5105 pa2 Distributed Hash Table based on Chord
1 Design document
1.1 System overview
We implemented a Book Finder System using a distributed hash table (DHT) based on the Chord protocol. Using this system, the client can set and get the book’s information (title and genre for simplicity) using the DHT. The whole system is composed of 1 supernode, 1 client (or more clients), and several compute nodes.
The client will deal with Set and Get request.

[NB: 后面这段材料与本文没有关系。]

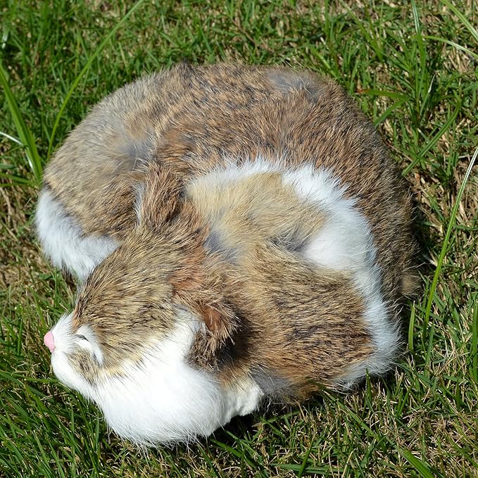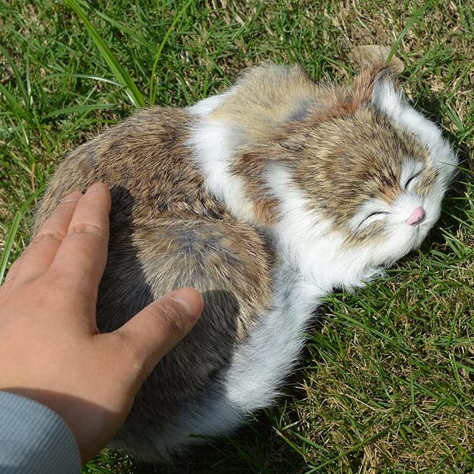 - Realistic furry sleeping cat brown feline , Approximately 8.27*6.7*2.36 inches (L*W*H), smaller than real adult cat but like a baby cat.

It will get a node address from the supernode first. Then it sends the request to the node via Thrift.
The supernode could listen to requests from the client, and record the information of nodes. When a node wants to join the DHT, it contacts the SuperNode using Thrift. The SuperNode will then return one of the nodes information. The client will contact the SuperNode, and SuperNode will return node information randomly chosen.
The nodes will store the book information and keep the DHT table. Each node will maintain a predecessor pointer, a successor pointer, and a FingerTable for fast searching in chord ring. The FingerTable will be updated when a new node is added into the system. Also, the data will be stored on different node based on the hash value of BookTitle. When client do a get/set operation, the operation will be forwarded to appropriate node based on searching result in FingerTable.
pa2要求实现一个分布式key-value hash table,存储图书名和对应的类别供用户查询(就set、get两种操作)。DHT基于Chord协议。Chord的原理可以参考https://program-think.blogspot.com/2017/09/Introduction-DHT-Kademlia-Chord.html,这里也介绍一下:
DHT是去中心化的,节点数量也是会动态变化的(但作业里不考虑这个)。在一致性哈希中,我们把哈希值唯一确定,之后映射到一个圆环中。 那么,当分布式出现崩溃或新增节点的情况时,只会影响圆环中的一部分。
在Chord协议中,所有的node(每台node有一个unique node ID)和数据(<key=hash(DAT), val=DAT>)都用m位的哈希函数映射到圆环上(圆环表示chord空间。设M位的哈希函数,那么环上的取值范围就是0 ~ (2^m)-1)。每个数据都存储到它顺时针方向的第一个node上。每个node都有指针指向上一个/下一个的ip地址(类似双向循环链表)。如图所示:
按照目前这个思路,设client连接到了某个node,想set或get一条数据,就直接顺着这个环遍历node就可以了。但是一个一个遍历太慢啦。有什么方法可以跳过一些肯定找不到所需数据的node呢?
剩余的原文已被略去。